((

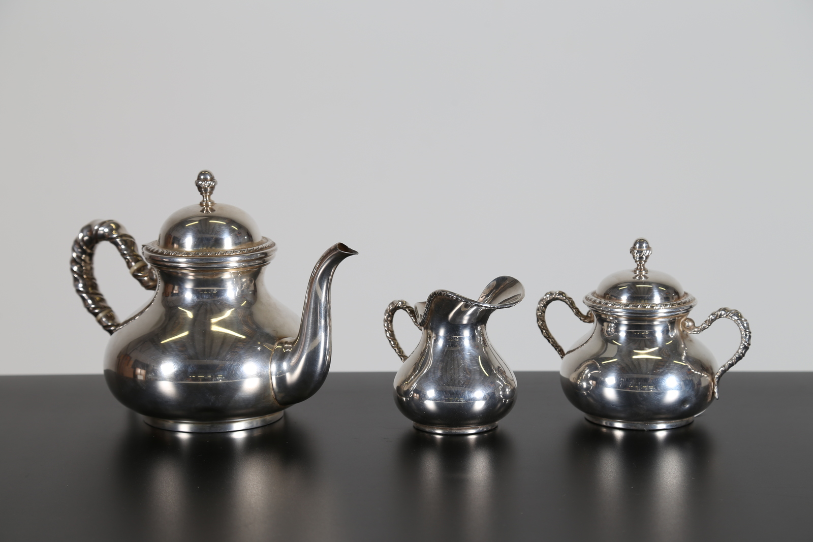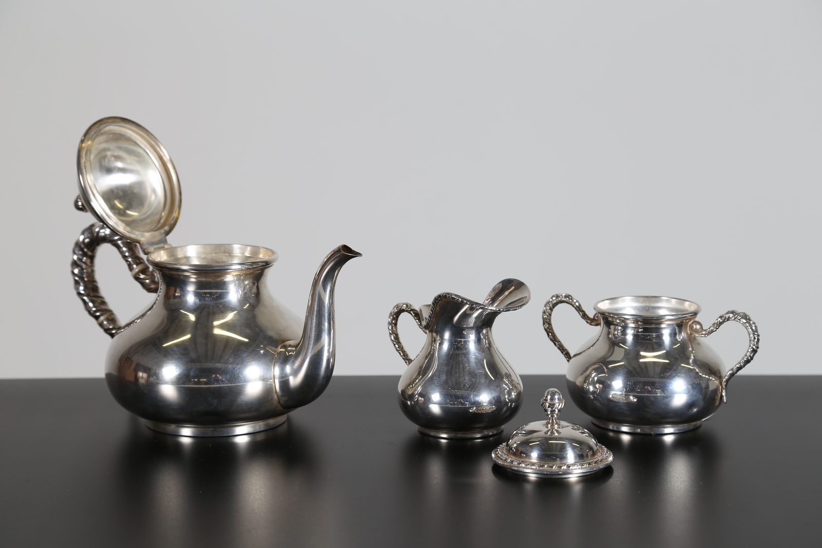 MANIFATTURA ITALIANA DEL XX SECOLO Teiera, zuccheriera e lattiera in argento...
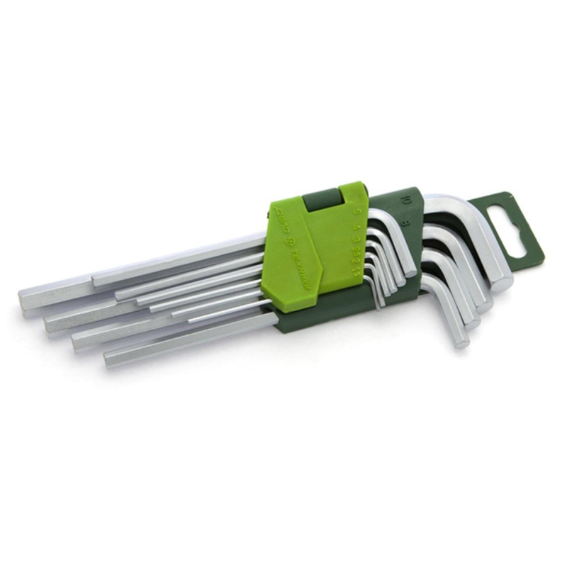 В комплектации набора учтены особенности ремонта автомобилей и монтажных работ общего назначения. Ключи угловые сочетают в своей конструкции два рычага: удлиненный для приложения максимального усилия и короткий для быстрого вращения, а также используется при работе с крепежом в условиях ограниченного пространства. Высокие прочностные характеристики позволяют избежать повреждение граней крепежа. Состав набора: - угловые ключи шестигранные: 1.5, 2, 2.5, 3, 4, 5, 6, 7, 8, 10 мм; - пластиковый холдер. Сталь: 31CrV3. Твердость: 47-52 HRC.
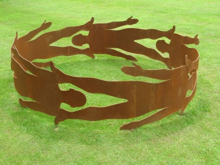 All the sculptures on the website are described by the artists themselves, stating the material they are made from and their dimensions. If they are stated to be suitable for outdoors, they have a guarantee of 10 years, subject to the effects of weathering, which will alter their colour and finish over the years unless you give them regular cleaning and maintenance.
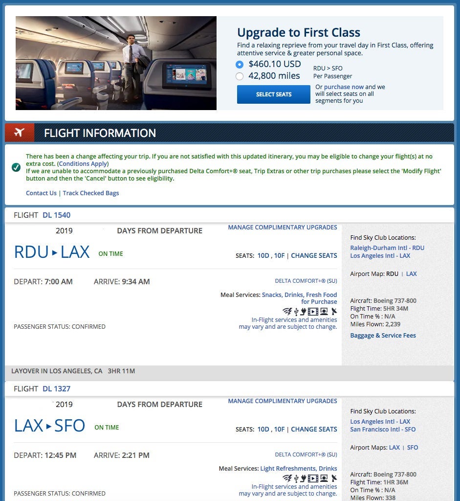 Of the six upcoming Delta round-trip itineraries in my account right now, five of them are eligible to move from either Main Cabin or Comfort+ into the First Class cabin via cash or SkyMiles — the latter of which wasn't an option yesterday. It's worth noting that the SkyMiles buy-up option doesn't discriminate between paid bookings and award bookings. I have a mix of both coming up, and Delta is more than happy to accept miles or cash on either to upgrade my seat.

))

**YOUR OBJECTIVE**
Once you have returned the line containing "В комплектации набора", stop; begin at the first line of the material, keep each line exact, and skip the pictures.

**EXPECTED ANSWER**
 MANIFATTURA ITALIANA DEL XX SECOLO Teiera, zuccheriera e lattiera in argento...
 В комплектации набора учтены особенности ремонта автомобилей и монтажных работ общего назначения. Ключи угловые сочетают в своей конструкции два рычага: удлиненный для приложения максимального усилия и короткий для быстрого вращения, а также используется при работе с крепежом в условиях ограниченного пространства. Высокие прочностные характеристики позволяют избежать повреждение граней крепежа. Состав набора: - угловые ключи шестигранные: 1.5, 2, 2.5, 3, 4, 5, 6, 7, 8, 10 мм; - пластиковый холдер. Сталь: 31CrV3. Твердость: 47-52 HRC.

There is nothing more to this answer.